ASSEGURANDO A EDUCAÇÃO EM TEMPOS DE COVID-19: O CASO DO PROJECTO NORAD

Thursday 22 October 2020

O Projecto NORAD da Save the Children, em parceria com o Governo da Província de Manica, implementam desde Maio de 2020, a estratégia de ensino baseado nas famílias para evitar a desistência dos alunos nas escolas das regiões mais recônditas durante as restrições impostas pela pandemia da COVID-19 e que afectam a educação das crianças de forma particular. Neste âmbito foram treinados 436 professores ambulantes e 520 promotores comunitários de leitura para responder a cerca de 50,142 alunos nos distritos de Macossa, Tambara, Machaze e Manica.

Em Março de 2020 o Estado Moçambicano decretou o Estado de Emergência como medida para prevenir e conter uma rápida propagação da COVID-19. Dentre as restrições impostas, foram encerradas todas as escolas do país.
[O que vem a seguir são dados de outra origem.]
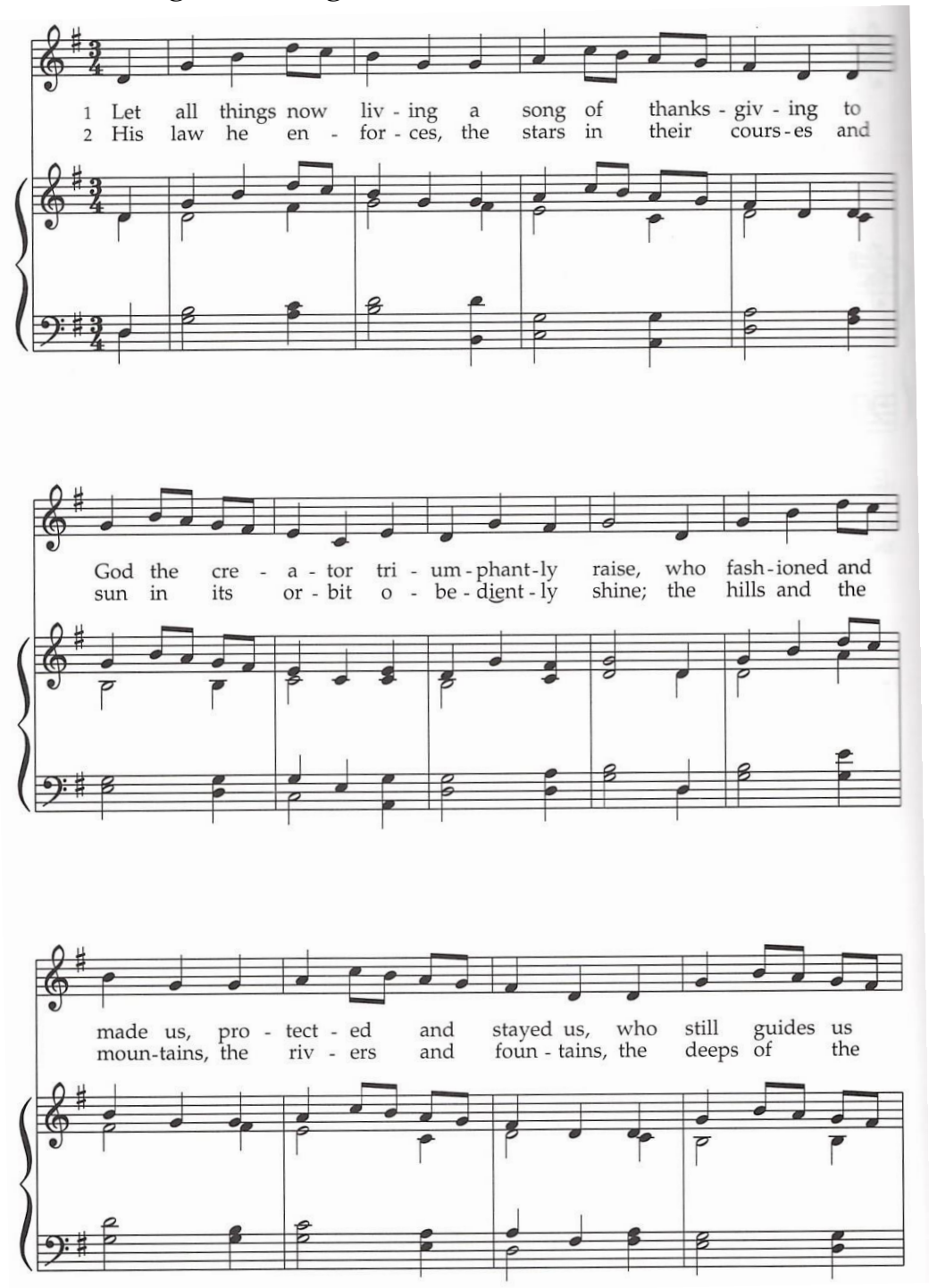
HYMN • Let all things now living

E para que os alunos mantivessem o ritmo escolar, as matérias passariam a ser lecionadas em casa através de aulas nos canais públicos de televisão e da rádio televisivas e também a partir de fichas de exercícios que os pais e/ou encarregados de educação deveriam levantar nas escolas dos seus filhos e/ou educandos.

A realidade de alguns distritos recônditos da província Manica, porém, mostrou não só a escassez de material de reprodução de fichas de exercício para os alunos, como também que muitas famílias não possuem um aparelho de rádio ou televisão, para não mencionar o facto de muitas comunidades não estarem ligadas à rede de energia eléctrica.  O distrito de Macossa, por exemplo, não tem rádio comunitária, o que torna praticamente impossível aos alunos continuar a estudar nos moldes propostos pelo Governo.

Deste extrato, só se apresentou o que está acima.